With one of the sweetest voices you’ll hear this year, Kersha Bailey has been getting some attention on the UK underground scene for a while now. Backed up by the band Groove Control, the 21 year-old singer/songwriter and self-taught guitarist is definitely destined to go far. The sound of the group could be described as raw and organic with ‘pure vibes’ and together they are one of the most exciting acts in the UK right now. In her own words Kersha talks to Flavour about where she’s coming from where she going.

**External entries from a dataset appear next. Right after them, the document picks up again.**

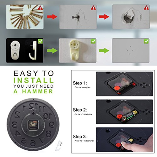 Studio : Elemall Publisher : Elemall Binding : Kitchen Product Description Plumeet 13-Inch Non-Ticking Large Wall Clock for living rooms Battery Operated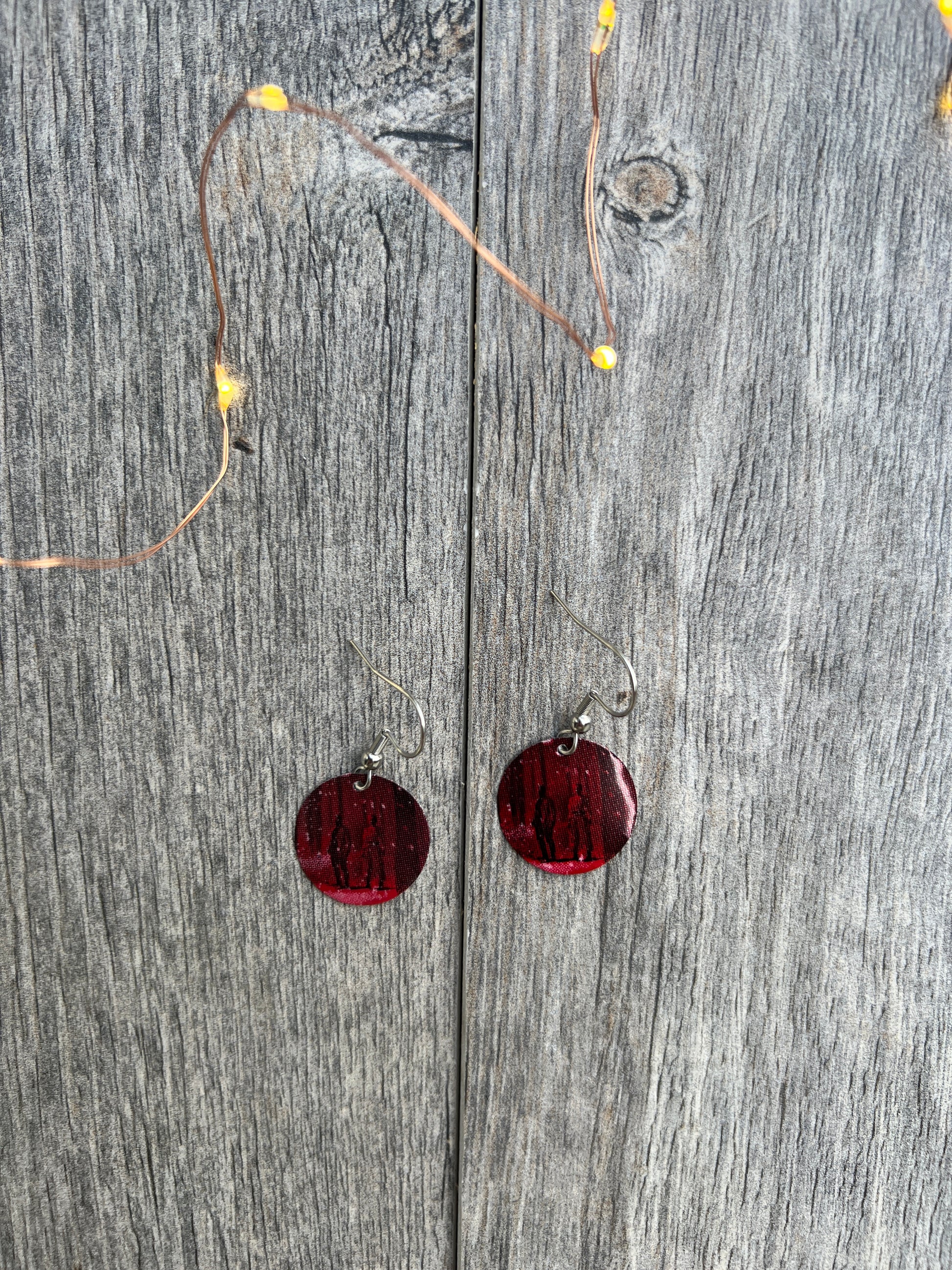 3/4" tall earrings handmade from beer cans with stainless steel hooks. From Coca-Cola!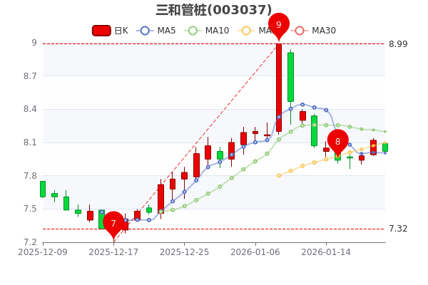 1月21日,三和管桩开盘报价8.09元,收盘于8.020元,跌1.23%。当日最高价为8.1元,最低达8元,成交量597.58万手,总市值为48.05亿元。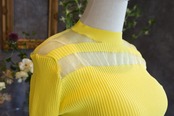 鮮やかなイエローカラーが目を引く、メッシュボーダーリブニットは、シンプルながらも存在感のある一着です。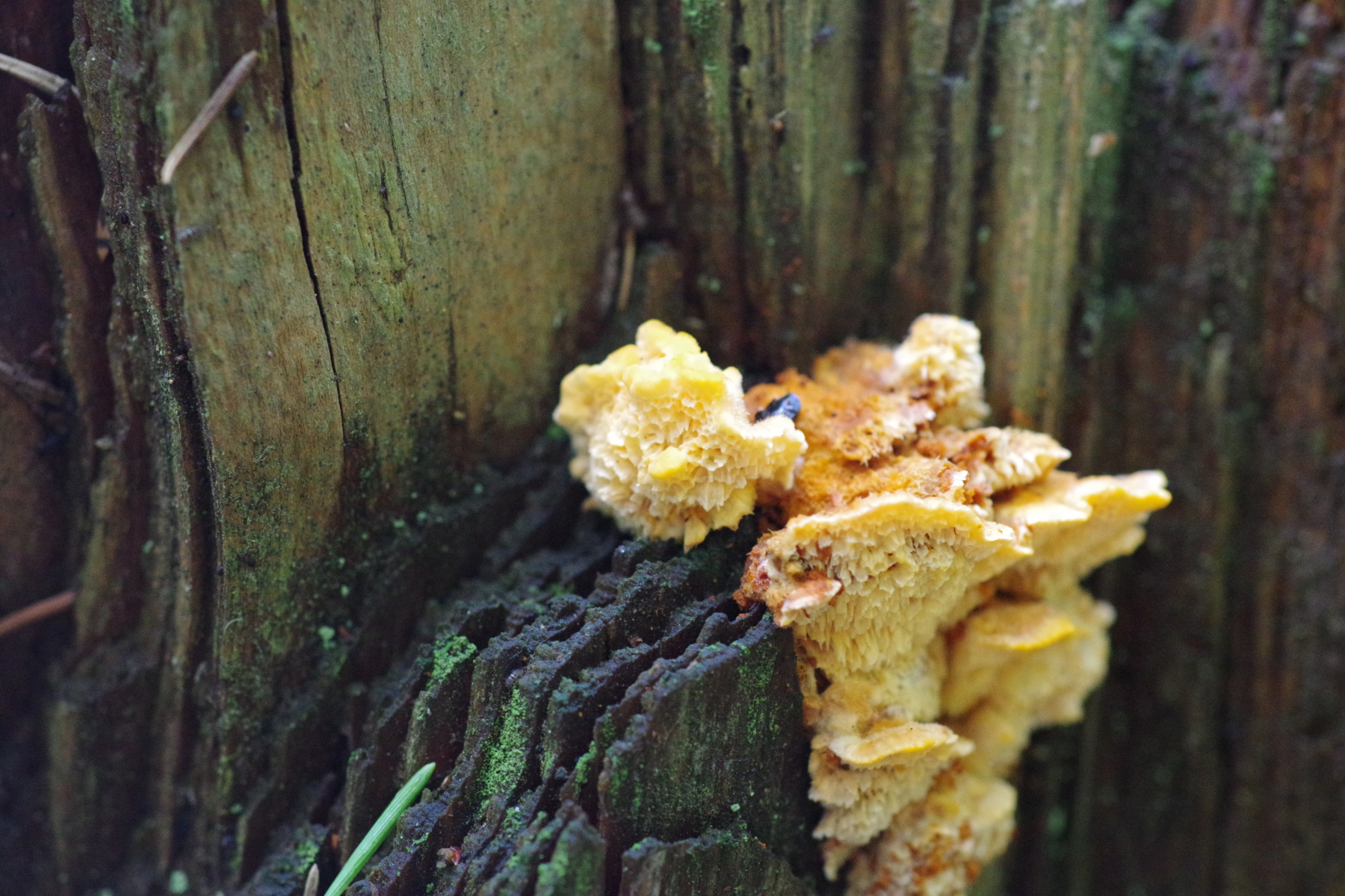 Bei dem orangen Porling habe ich jetzt ein Vergleichsbild mit weiß und postgelb gemacht. Bei voller Sonne gibt es unter dem Blätterdach immer einen Grünstich und bisher habe ich noch keine Einstellung beim Weißabgleich gefunden, die das gut korrigiert. Die Poren sind schon ziemlich groß, das wird wohl bei P. fulgens enden.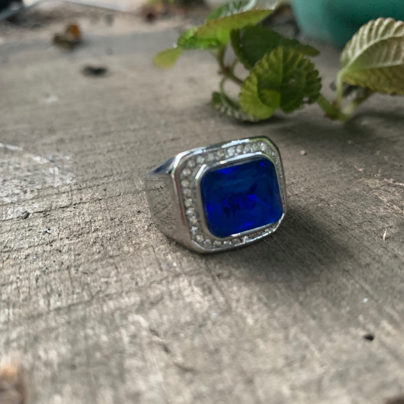 Men s Ring Blue Sapphire Ring Luxury Titanium Real Anti Fade And Very well made.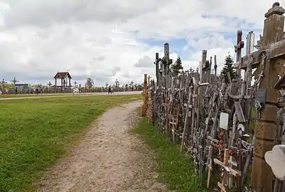 Hill of Crosses (Lithuanian: ⓘ) is a site of pilgrimage about 12 km north of the city of Šiauliai, in northern Lithuania. The precise origin of the practice of leaving crosses on the hill is uncertain, but it is believed that the first crosses were placed on the former Jurgaičiai or Domantai hill fort after the 1831 Uprising.[1] Over the generations, not only crosses and crucifixes, but statues of the Virgin Mary, carvings of Lithuanian patriots and thousands of tiny effigies and rosaries have been brought here by Catholic pilgrims. The exact number of crosses is unknown, but estimates put it at about 55,000 in 1990[2] and 100,000 in 2006.[3] It is a major site of Catholic pilgrimage in Lithuania.
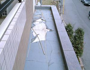 防水層と下地コンクリートとの間に、空気の層ができ膨れができてるのも、マンション外壁塗装の劣化症状のひとつ。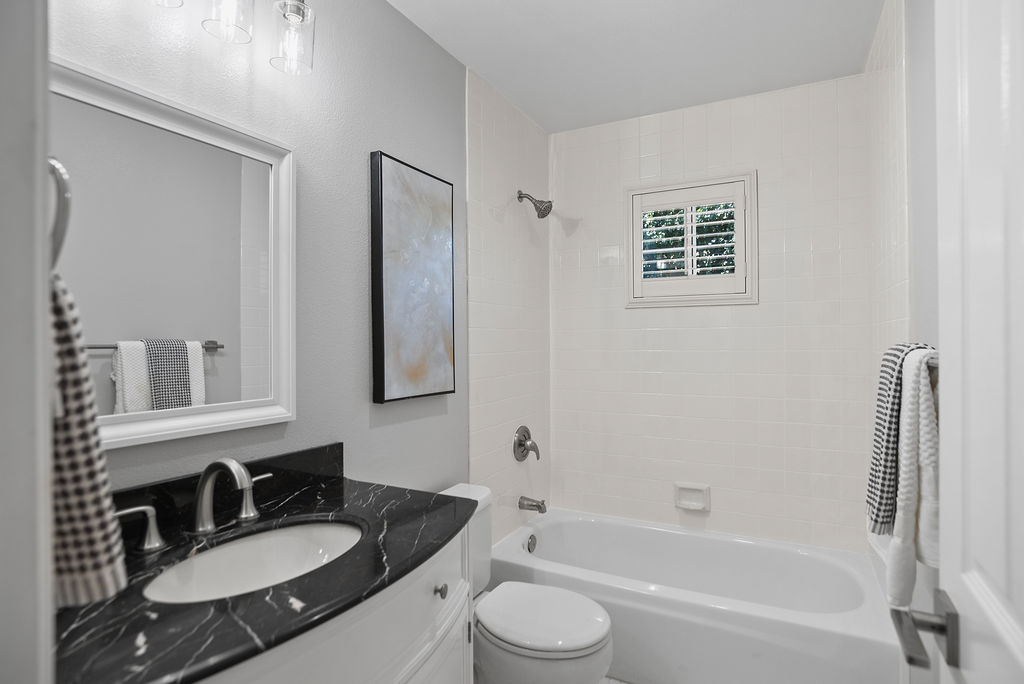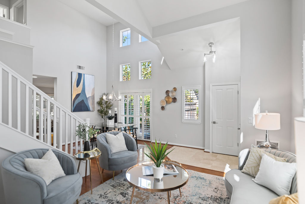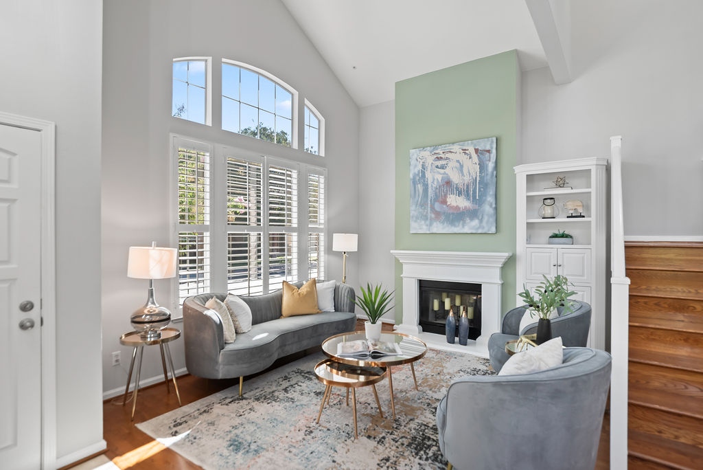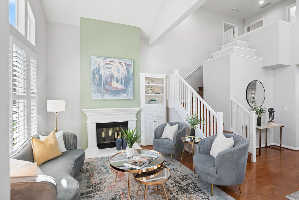 The modern kitchen shines with fresh white cabinets, spacious pantry, stainless steel appliances, attractive quartz counters with subway backsplash, and recessed lighting. Entertain in the dining room with windows that reach the ceiling or relax in the inviting family room. Host game nights in the living room with double-height ceilings and large windows that flood the room in natural light. Attractive plantation shutters enhance curb appeal and climate comfort.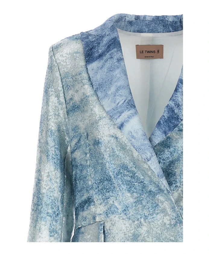 Блейзер Le Twins Como - это классический однобортный силуэт, украшенный пайетками и принтом, идеально подходящий для вечерних мероприятий и создания эффектного образа. Блейзер сочетает в себе прозрачные пайетки и практичные боковые карманы, создавая изысканный и привлекательный образ. Ключевые особенности: Светло-голубой | Полиэстер | Боковые карманы | Застежка на пуговицы | Однобортный | Прозрачные пайетки по всей поверхности | Принт | Размеры и посадка: Стандартный крой | Состав и уход: 95% полиэстер | 5% эластан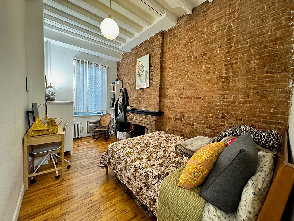 EXACT PIX! RARE AVAILABILITY! GREAT PRICE for this PRIME GRAMERCY studio! THIS IS A REAL APARTMENT! JUST ONE FLIGHT UP. 12 FOOT HIGH EXPOSED BEAMED CEILINGS! Will fit QUEEN BED and a sofa. Big deep closet. Separate modern windowed kitchen with ceramic floors and lots of cabinets. Full tiled bath. IN WALL AIR CONDITIONER ALREADY INSTALLED. Exposed brick wall with faux fireplace. Heat & Hot water included! Located in Prime Gramercy just off of Third avenue and Just one block from Gramercy Park and 2 blocks to the 6 train. This is one of the safest blocks in the city as it is close to the police academy. Best neighborhoodIrving Place and all its cafes, restaurants, are just a few minutes from your front door. continue strolling thru Irving Place and stop at Trader Joe's or Union Square and Whole Foods and great shopping also a super market 1 block away. Excellent management company and live in super. GREAT price for this amazing pad in this highly sought after neighborhood! If this is your budget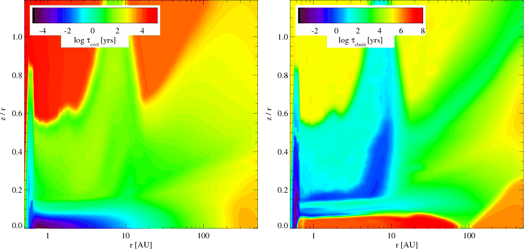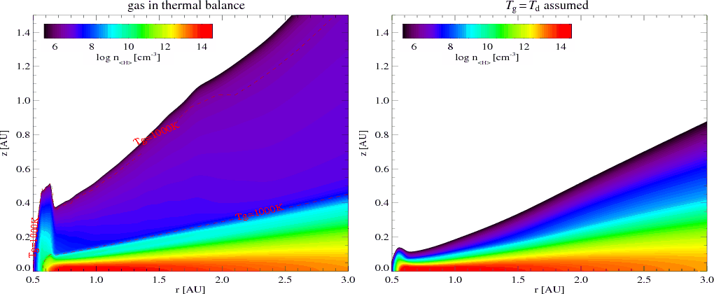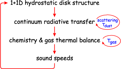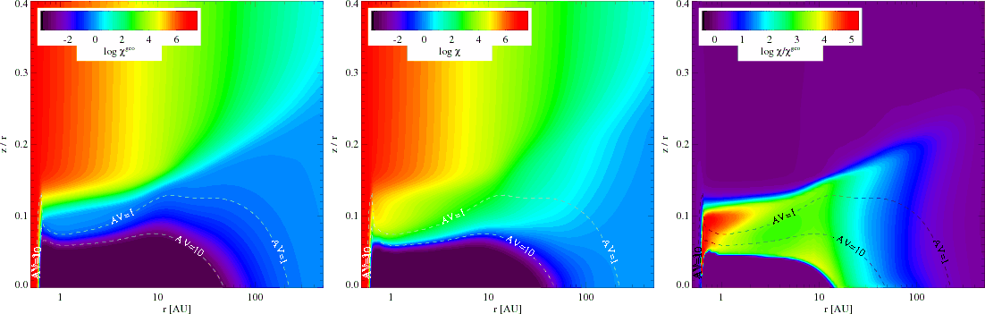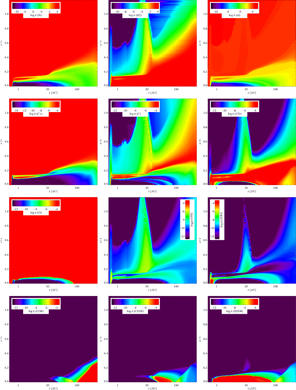 vertical hydrostatic disk structure (e.g. Woods & Willacy 2008; Kamp & Dullemond 2004; Meijerink et al. 2008). Kamp & Dullemond use a chemical reaction

‘I come from a musical family. My grandmother had brothers who played in a jazz band. My granddad had a sister who was a singer. My mum, Dee Bailey was an underground singer in the 80’s and was signed to Warner Bros. She went by the name Leniece and was featured in the Voice and Blues and Soul, but internal differences meant the group fell apart. My mum saw my talent from an early age. At school I joined the choir and she could see something in me from there – she used to help me out with my harmonies and we would practice them at home.

When I went to secondary school I did things on the side in terms of music, like singing back-up for friends, but I never fully focused on music. Then I went to a drama school called Mount View. But there I studied acting more than music. I didn’t enjoy the acting though so I stopped at 17.
Then I went to college and did music. People were against it, but I’m very head-strong and I was like ‘I’m gonna do this no matter what’. It was at college that I met Inflow, a producer.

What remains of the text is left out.